Description: Wrapper for querying data from the cr2c_labdata.db data store

Arguments:

  • ltypes: A list of the types of lab data the user wishes to query, these can be any of the following:
    • 'PH' - Refers to pH measurements
    • 'COD' - Refers to Chemical Oxygen Demand measurements
    • 'TSS_VSS' - Refers to Total Suspended and Volatile Suspended Solids measurements
    • 'ALKALINITY' - Refers to alkalinity measurements
    • 'VFA' - Refers to Volatile Fatty Acid measurements
    • 'GASCOMP' - Refers to gas composition measurements (% of gas that is CO2, Methane, O2, etc)
    • 'AMMONIA' - Refers to ammonia measurements
    • 'SULFATE' - Refers to sulfate measurements
    • 'TKN' - Refers to Total Kjeldahl Nitrogen measurements
    • 'BOD' - Refers to Biochemical Oxygen Demand measurements
  • start_dt_str: (Optional) date string to filter the result by date, sets the minimum date of the resulting data. Format MUST BE 'mm-dd-yy' so 1-1-18 for January 1st, 2018
  • end_dt_str: (Optional) Same as start_dt_str but sets the maximum date of the resulting data
  • output_csv: (Optional) Logical, if True, will output a csv file for each of the ltypes specified above
  • outdir: (Optional, required if output_csv is True) String giving the directory to output the csv file(s) to

Output:

  • ldata_all: A dictionary with the resulting data.

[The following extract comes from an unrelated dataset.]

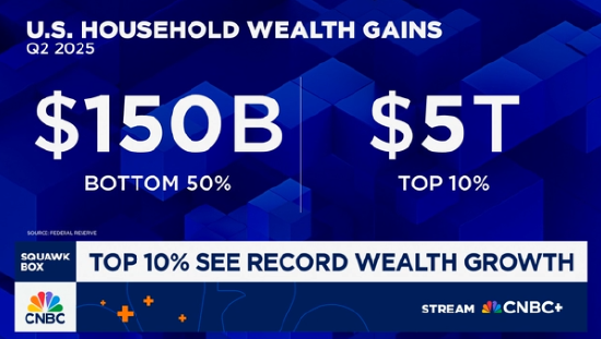 美联储数据显示,过去一年所有财富群体均实现财富增长,其中美国收入后 50% 人群的净资产在过去 12 个月增长了 6%。但财富增长速度最快的仍是最顶层群体:收入前 1% 人群过去一年的财富增加了 4 万亿美元,增幅达 7%,其财富规模在第二季度创下 52 万亿美元的历史新高。

The keys are each of the ltypes specified above and the values are pandas dataframes with data for the given ltype

Example Caller: get_data( ltypes = ['PH','COD'], start_dt_str = '1-1-17', end_dt_str = '12-31-17', output_csv = True, outdir = 'path/to/output/dir' )

labrun

Description: A class for managing the cleaning and processing of laboratory data Inputs:

  • verbose: (Optional) Logical (default false) indicating whether to print more error messages to log while processing lab data

labrun.get_stage_descs()

Description: Gets a more descriptive value for each of the treatment stages entered by operators into the lab data gsheet (as the variable "Stage").

labrun.manage_dups(ltype, id_vars)

Description: Manages duplicate observations by removing duplicates (with warnings) and gets observation id's for readings with duplicate Date-Stage values (if intentionally taking multiple readings)

Arguments:

  • ltype: One of the ltypes specified in get_data above whose duplicates are being managed
  • id_vars: A list of the variables that should identify a unique reading, these are usually "Date_Time", "Stage", and "Type" (if appropriate)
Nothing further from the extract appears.